--- Dataset extract ---
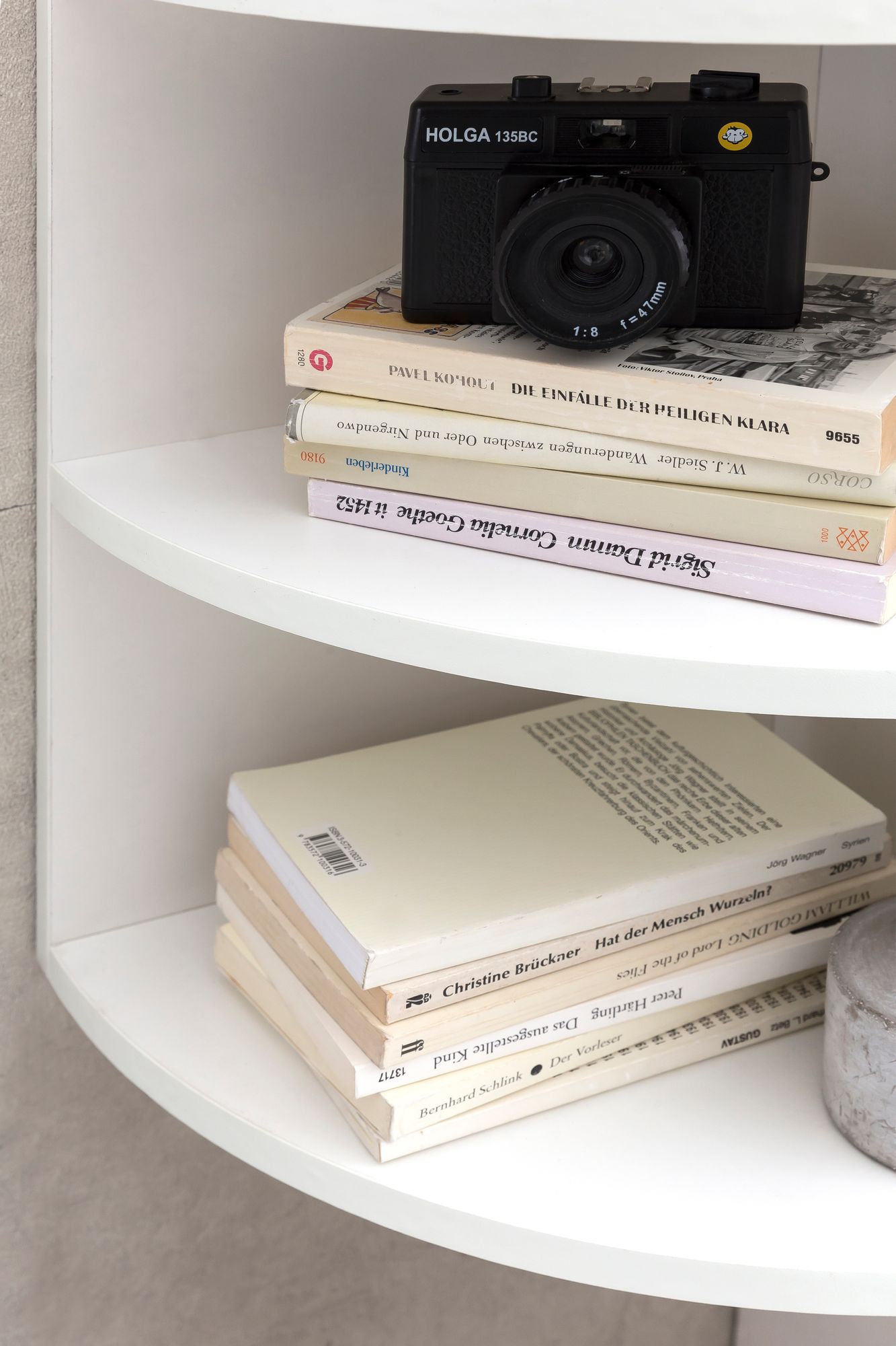 Eckregal Weiß Holz 30x60x30 cm | 3 Offene Fächer | Modernes Hängeregal mit runder Front
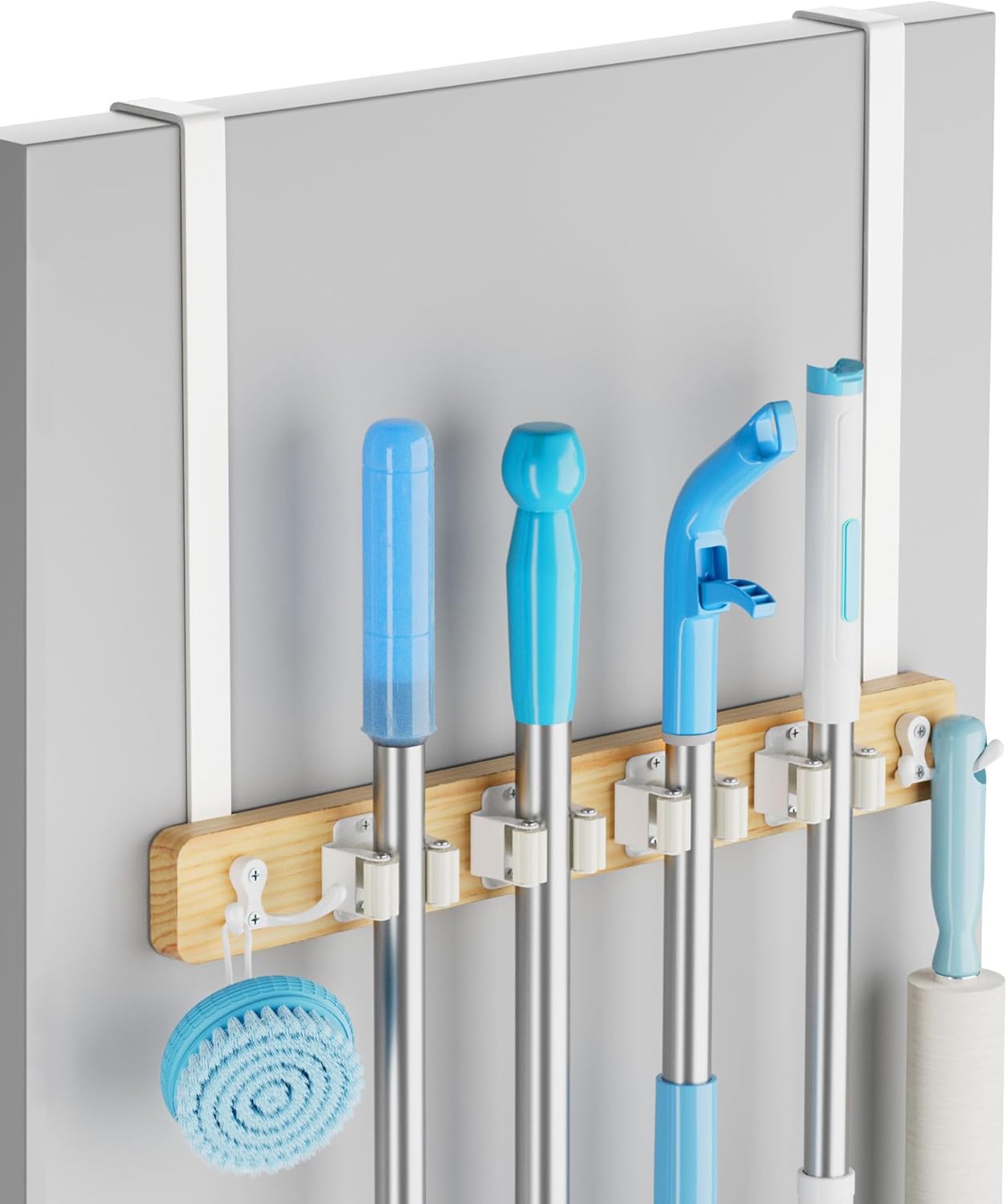 - Wide Range of Uses, Ideal Gift: Step away from traditional broom holder door mount. Simply place door broom holder organizer over the door. Our over the door broom and mop holder maximizes space without compromising style, effortlessly organizing brooms, mops, towels, and brushes in the laundry room, garage, bathroom or kitchen. With its aesthetic appeal and practicality, it's a thoughtful gift for occasions like Father's Day, Mother's Day, or for husband, wife and grandparents
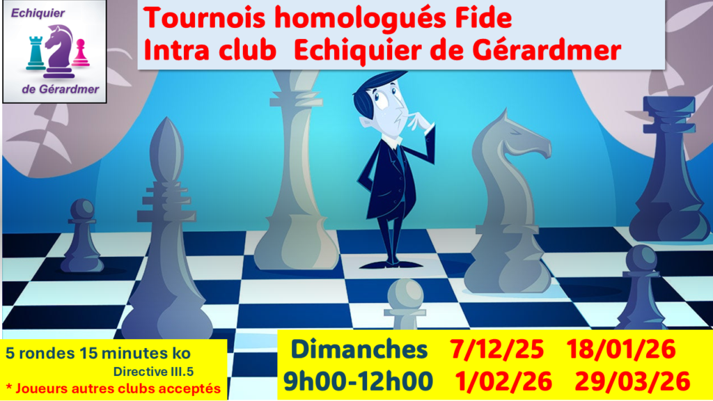Ces tournois sont prioritairement ouverts aux joueurs de l’Echiquier de Gérardmer mais des joueurs d’autres clubs seront acceptés dans la limite du nombre maximum de joueurs possible.
---
_To do_
All of the material above is to be copied exactly, except for its images.

_Task answer_
 Eckregal Weiß Holz 30x60x30 cm | 3 Offene Fächer | Modernes Hängeregal mit runder Front
 - Wide Range of Uses, Ideal Gift: Step away from traditional broom holder door mount. Simply place door broom holder organizer over the door. Our over the door broom and mop holder maximizes space without compromising style, effortlessly organizing brooms, mops, towels, and brushes in the laundry room, garage, bathroom or kitchen. With its aesthetic appeal and practicality, it's a thoughtful gift for occasions like Father's Day, Mother's Day, or for husband, wife and grandparents
Ces tournois sont prioritairement ouverts aux joueurs de l’Echiquier de Gérardmer mais des joueurs d’autres clubs seront acceptés dans la limite du nombre maximum de joueurs possible.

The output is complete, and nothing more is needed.